== The input ==
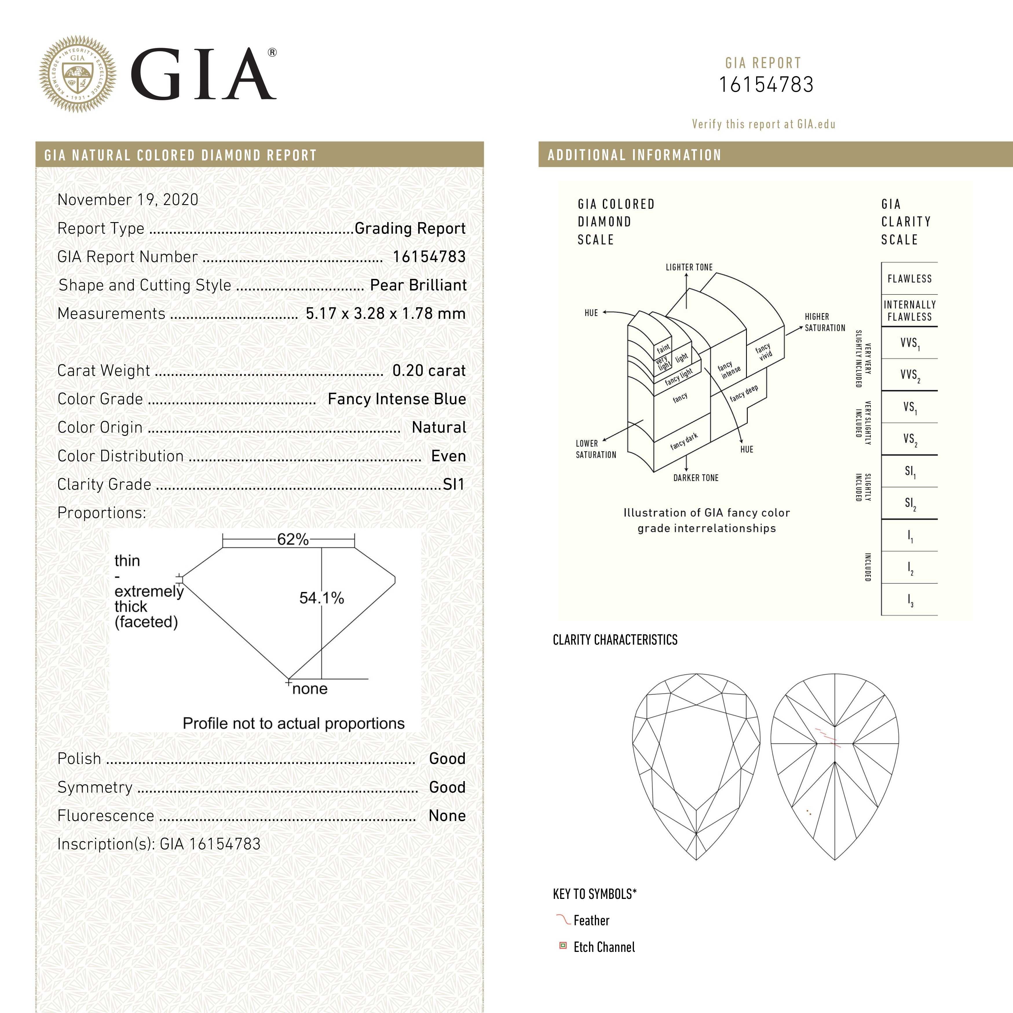 0.20ct 5.17x3.28x1.78mm GIA SI1 Fancy Intense Blue Pear Brilliant 24134-01
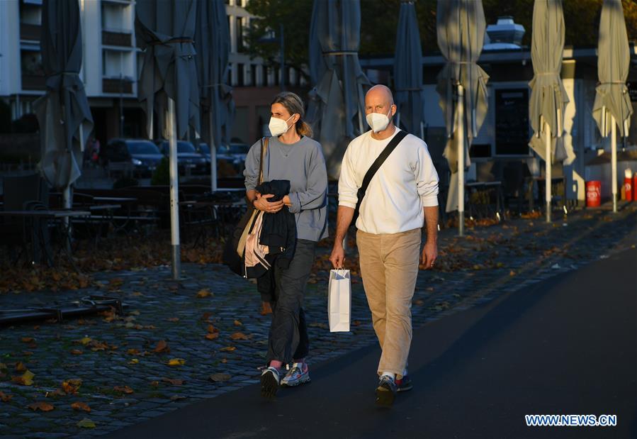 Two pedestrians wearing face masks walk on a street in Frankfurt, Germany, on Nov. 2, 2020. New COVID-19 infections in Germany increased by 12,097 within one day to a total of 545,027 as the country entered its second partial lockdown, the federal government agency for disease control and prevention Robert Koch Institute (RKI) announced on Monday. (Xinhua/Lu Yang)
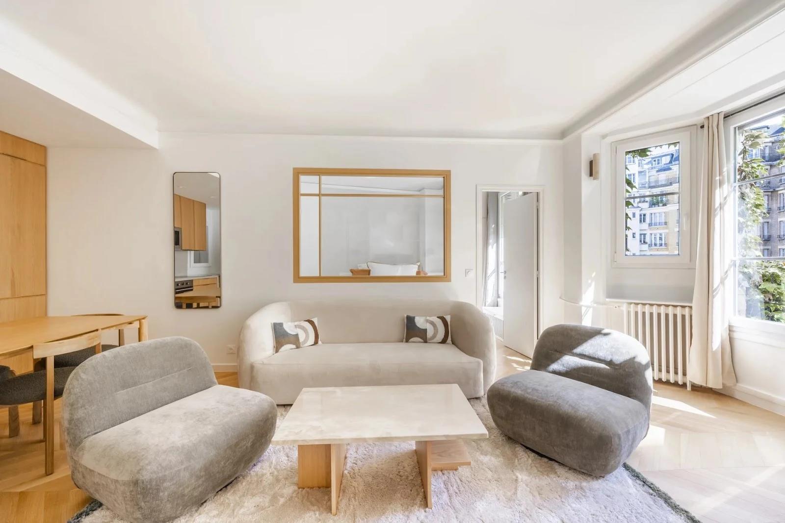 Au sein d’un bel immeuble Art Déco, sécurisé avec gardienne et ascenseur, joli deux-pièces de 48 m² (loi Carrez), entièrement rénové avec des matériaux de qualité. L’appartement se compose d’un vaste séjour lumineux avec cuisine américaine équipée (lave-vaisselle, lave-linge, four, micro-ondes…), agrémenté d’un coin bureau et d’une bibliothèque sur mesure. Il offre une vue dégagée, au calme. La chambre, élégante et confortable, bénéficie de sa salle de bains attenante. Nombreux rangements et toilettes invités viennent parfaire ce bien rare. Bail meublé Loyer charge comprise : 2 300 € par mois Honoraires d’agence : 720 € Pour tout renseignement et pour organiser une visite, contactez Catherine ou par e-mail à l’adresse suivante :
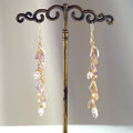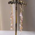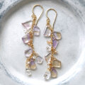 アメジスト(紫水晶)とシトリン(黄水晶)が混ざりあったバイカラーの水晶、ボリビア産、ラフスライスカットの宝石質アメトリンのピアス。 透明度の高い上質な原石で縁にもカットが入っており、動きにあわせてキラキラと輝きます。小ぶりの石をチェーンに留めたロングタイプのピアスでアクセントにハーキマーダイヤを2粒ずつ使っています。ベージュの小さな石は天然ジルコン。こちらもカットが細かく揺れ感がとても綺麗です。
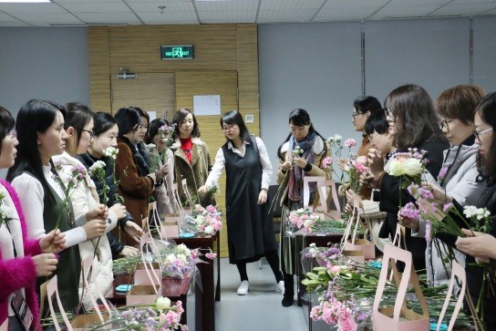 活動(dòng)中,女職工們積極參加。花藝培訓(xùn)老師首先對花藝?yán)碚撝R(shí)進(jìn)行了簡單介紹,包括插花的特點(diǎn),有時(shí)間性,生命性,時(shí)尚性,裝飾性等。
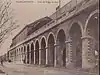 The Ouest company, in light of the upcoming 1900 Universal Exposition, was granted a concession on 6 July 1896 to extend its Moulineaux line from its Champ de Mars terminus to a new 'Invalides' station;[56] the Ouest not only extended its line, but lowered its river-hugging length into a trench to eliminate its railway crossings at every bridge and added four new, minuscule, Chinese-pagoda-esque stations: travelling from the Ceinture inwards, one passed 'pont Mirabeau' (later 'Javel'), 'pont de Grenelle', 'de la Bourdonnais' and 'pont de l’Alma' before reaching the 'Invalides' terminus. Not concerning the Ceinture directly, but attached to this extension, was another Ouest project approved on 14 June 1897: the 'Boulanvilliers' line extension that, crossing the river on a 'viaduc de Passy' just below the pont de l'Alma, would allow Ceinture and St-Lazare passengers a much shorter trip between the city centre and the Champ de Mars. It was an extensive project: the Paris-Auteuil ravine between Courcelles-Levallois and Passy was widened into a straight-walled trench wide enough to accommodate two additional sets of rails to either side of the existing line: below the 'Avenue Henri Martin' station, the new lines entered curving tunnels to pass below the Paris-Auteuil lines to emerge at a new entrenched 'Boulanvilliers' station before, after passing through another tunnel, emerging on the river-crossing viaduct that curved left to meet the path of the Moulineaux line rails towards the Champ de Mars and Invalides terminus.[57]
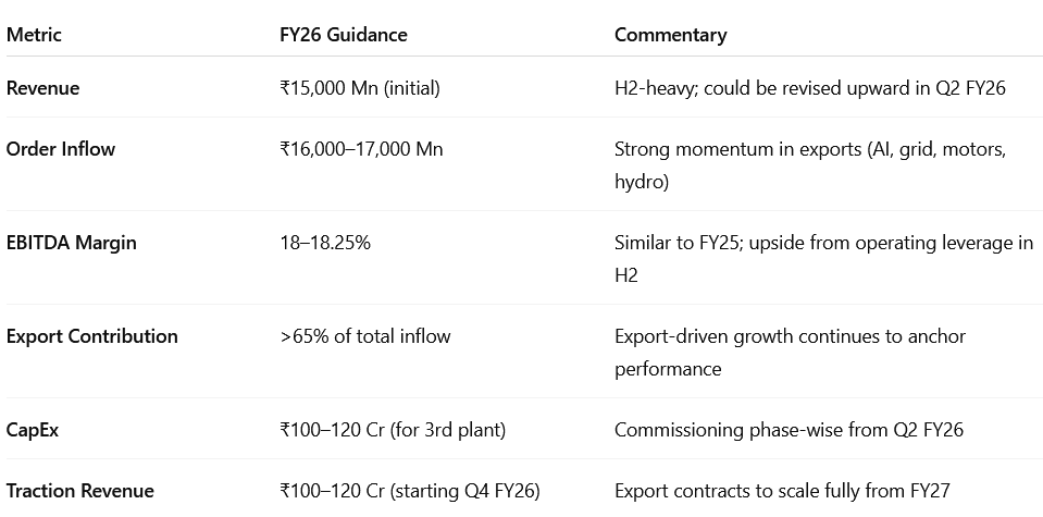 Outlook on ₹1,900–₹2,200 Cr revenue in FY27, with visibility from exports, traction, and motors.
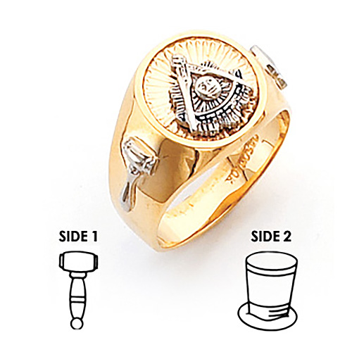 This solid 10k yellow and white gold Harvey & Otis past master mason ring has a round sunburst style top. 10kt white gold Past Master insignia sits in center. Gavel and top hat side emblems. Solid back. Standard fit. Made in the USA.
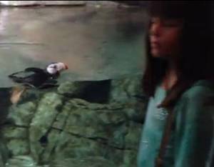 少女と追いかけっこをするツノメドリ
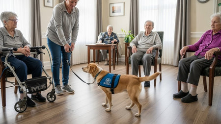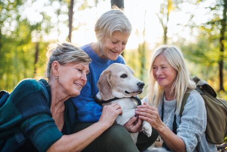 Close up of couple in wheelchairs petting dog in park outdoors, copy space
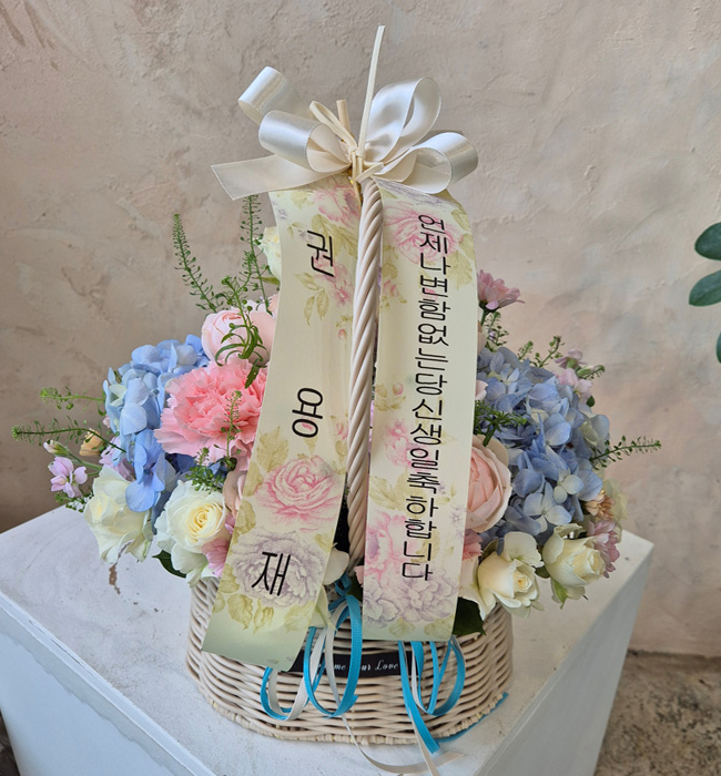 수국 장미 바구니
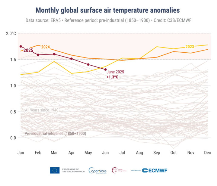 报告显示,2025年6月全球平均地表气温为16.46摄氏度,仅比2024年6月和2023年6月分别低0.2摄氏度和0.06摄氏度,但较工业化前(1850年至1900年)水平高出1.3摄氏度。IT之家附上相关图片如下:
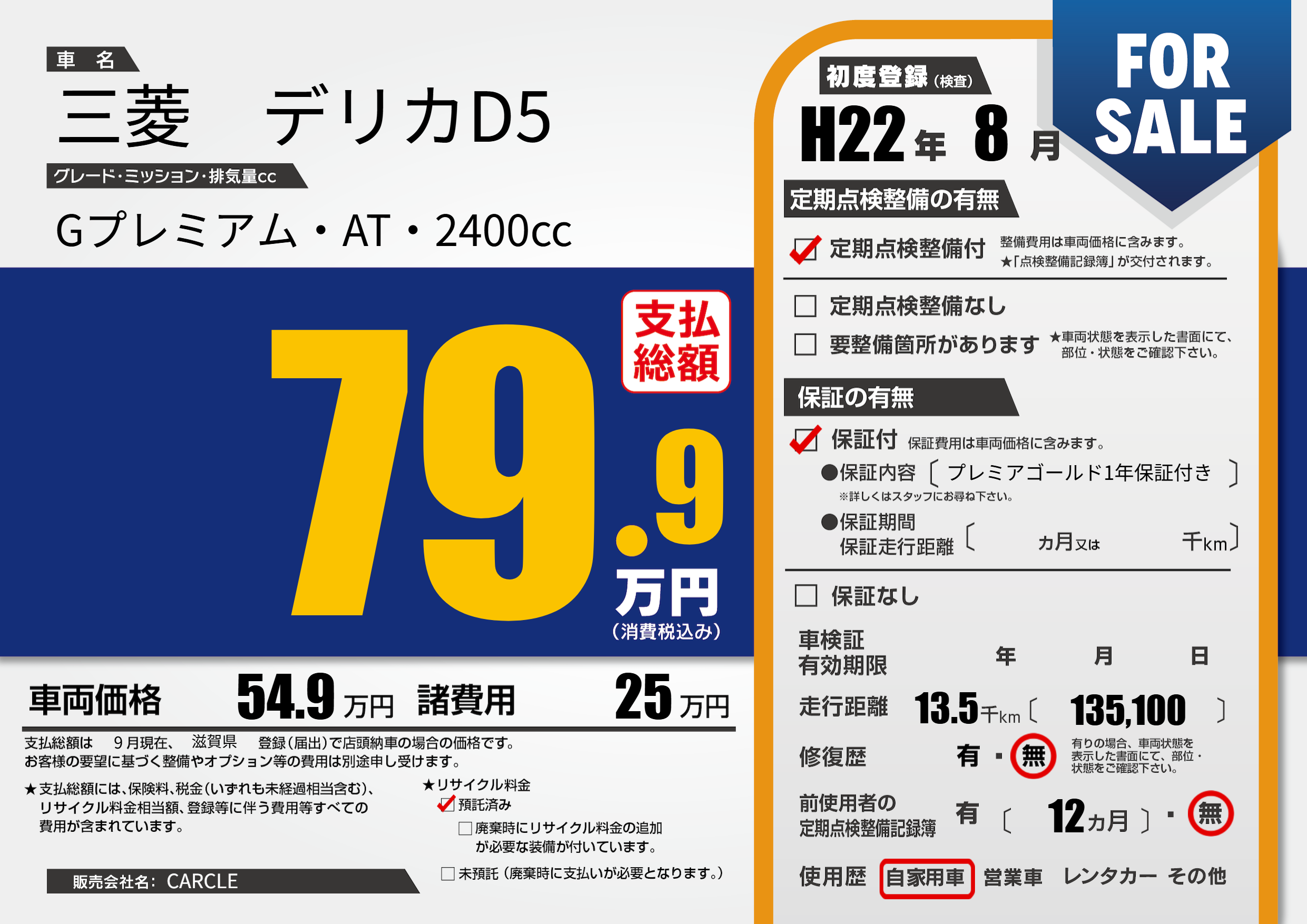 | 車名 | 三菱 デリカD5 | グレード ミッション 排気量 |
===
Task brief:
From the first record above to the last, output each one exactly and omit the pictures.

Written answer:
 0.20ct 5.17x3.28x1.78mm GIA SI1 Fancy Intense Blue Pear Brilliant 24134-01
 Two pedestrians wearing face masks walk on a street in Frankfurt, Germany, on Nov. 2, 2020. New COVID-19 infections in Germany increased by 12,097 within one day to a total of 545,027 as the country entered its second partial lockdown, the federal government agency for disease control and prevention Robert Koch Institute (RKI) announced on Monday. (Xinhua/Lu Yang)
 Au sein d’un bel immeuble Art Déco, sécurisé avec gardienne et ascenseur, joli deux-pièces de 48 m² (loi Carrez), entièrement rénové avec des matériaux de qualité. L’appartement se compose d’un vaste séjour lumineux avec cuisine américaine équipée (lave-vaisselle, lave-linge, four, micro-ondes…), agrémenté d’un coin bureau et d’une bibliothèque sur mesure. Il offre une vue dégagée, au calme. La chambre, élégante et confortable, bénéficie de sa salle de bains attenante. Nombreux rangements et toilettes invités viennent parfaire ce bien rare. Bail meublé Loyer charge comprise : 2 300 € par mois Honoraires d’agence : 720 € Pour tout renseignement et pour organiser une visite, contactez Catherine ou par e-mail à l’adresse suivante :
 アメジスト(紫水晶)とシトリン(黄水晶)が混ざりあったバイカラーの水晶、ボリビア産、ラフスライスカットの宝石質アメトリンのピアス。 透明度の高い上質な原石で縁にもカットが入っており、動きにあわせてキラキラと輝きます。小ぶりの石をチェーンに留めたロングタイプのピアスでアクセントにハーキマーダイヤを2粒ずつ使っています。ベージュの小さな石は天然ジルコン。こちらもカットが細かく揺れ感がとても綺麗です。
 活動(dòng)中,女職工們積極參加。花藝培訓(xùn)老師首先對花藝?yán)碚撝R(shí)進(jìn)行了簡單介紹,包括插花的特點(diǎn),有時(shí)間性,生命性,時(shí)尚性,裝飾性等。
 The Ouest company, in light of the upcoming 1900 Universal Exposition, was granted a concession on 6 July 1896 to extend its Moulineaux line from its Champ de Mars terminus to a new 'Invalides' station;[56] the Ouest not only extended its line, but lowered its river-hugging length into a trench to eliminate its railway crossings at every bridge and added four new, minuscule, Chinese-pagoda-esque stations: travelling from the Ceinture inwards, one passed 'pont Mirabeau' (later 'Javel'), 'pont de Grenelle', 'de la Bourdonnais' and 'pont de l’Alma' before reaching the 'Invalides' terminus. Not concerning the Ceinture directly, but attached to this extension, was another Ouest project approved on 14 June 1897: the 'Boulanvilliers' line extension that, crossing the river on a 'viaduc de Passy' just below the pont de l'Alma, would allow Ceinture and St-Lazare passengers a much shorter trip between the city centre and the Champ de Mars. It was an extensive project: the Paris-Auteuil ravine between Courcelles-Levallois and Passy was widened into a straight-walled trench wide enough to accommodate two additional sets of rails to either side of the existing line: below the 'Avenue Henri Martin' station, the new lines entered curving tunnels to pass below the Paris-Auteuil lines to emerge at a new entrenched 'Boulanvilliers' station before, after passing through another tunnel, emerging on the river-crossing viaduct that curved left to meet the path of the Moulineaux line rails towards the Champ de Mars and Invalides terminus.[57]
 Outlook on ₹1,900–₹2,200 Cr revenue in FY27, with visibility from exports, traction, and motors.
 This solid 10k yellow and white gold Harvey & Otis past master mason ring has a round sunburst style top. 10kt white gold Past Master insignia sits in center. Gavel and top hat side emblems. Solid back. Standard fit. Made in the USA.
 少女と追いかけっこをするツノメドリ
 Close up of couple in wheelchairs petting dog in park outdoors, copy space
 수국 장미 바구니
 报告显示,2025年6月全球平均地表气温为16.46摄氏度,仅比2024年6月和2023年6月分别低0.2摄氏度和0.06摄氏度,但较工业化前(1850年至1900年)水平高出1.3摄氏度。IT之家附上相关图片如下:
 | 車名 | 三菱 デリカD5 | グレード ミッション 排気量 |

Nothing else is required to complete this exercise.